Background: CAR T cells and TCE are approved for the treatment of RRMM and are being investigated in newly diagnosed pts. Because their mode of action differs with respect to other drugs used in MM, the clinical significance of conventional prognostic factors must be reanalyzed in the era of newer immunotherapies. In this regard, the role of MRD remains uncertain in RRMM pts treated with CAR T cells, and virtually unknown in the setting of TCE.
Aim: Analyze the clinical significance of MRD assessment in RRMM pts treated with CAR T cells and TCE.

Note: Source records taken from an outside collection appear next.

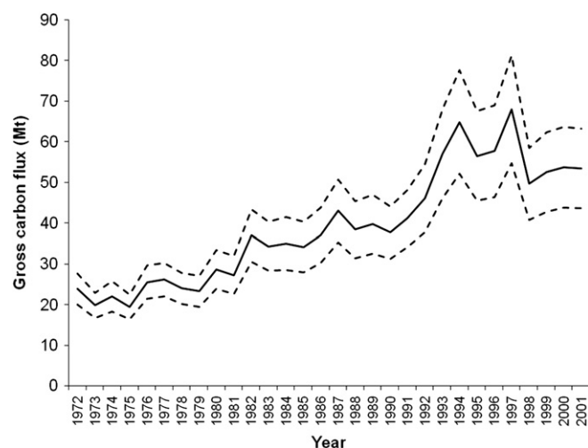
Fig. 2. PNG gross annual carbon flux from deforestation and degradation (Mt) 1972–2002. The solid line shows the best estimate, with the dashed lines above and below representing the upper and lower estimate respectively.

Our results suggest that while it is possible to generate a range of estimates for carbon storage (4142–5399 Mt, Table 2) and flux (966–1390 Mt between 1972 and 2002, Table 3) from a variety of source datasets, there remains a high degree of uncertainty regarding their actual value. Most of the uncertainty in our estimate of carbon stocks (Table 2) was associated with measurement of unlogged biomass, because the area of unlogged forest in 2002
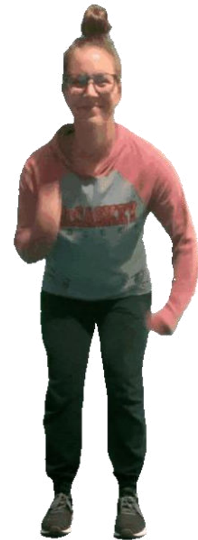
Running Arms Run in Place
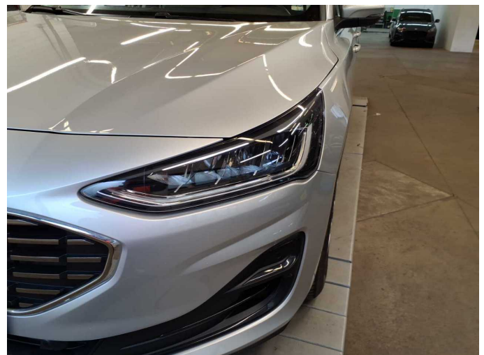
Figure 18: Misc.

Methods: This study included 269 RRMM pts, 125 treated with CAR T cells and 144 with TCE. Most pts received anti-BCMA (n=193) and anti-GPRC5D (n=55) immunotherapies. The median follow-up was 11 months. MRD was assessed in bone marrow aspirates from 190 of the 269 RRMM patients; those without an assessment were considered as MRD positive in the intent to treat (ITT) analyses. A total of 509 longitudinal MRD studies were performed using NGF in the core laboratories of PETHEMA/GEM. The median number of MRD studies per pt was 2 (range, 1 - 7) High-risk cytogenetics included t(4;14), t(14;16) and/or del(17p). Extramedullary disease (EMD) was considered if involving soft tissues.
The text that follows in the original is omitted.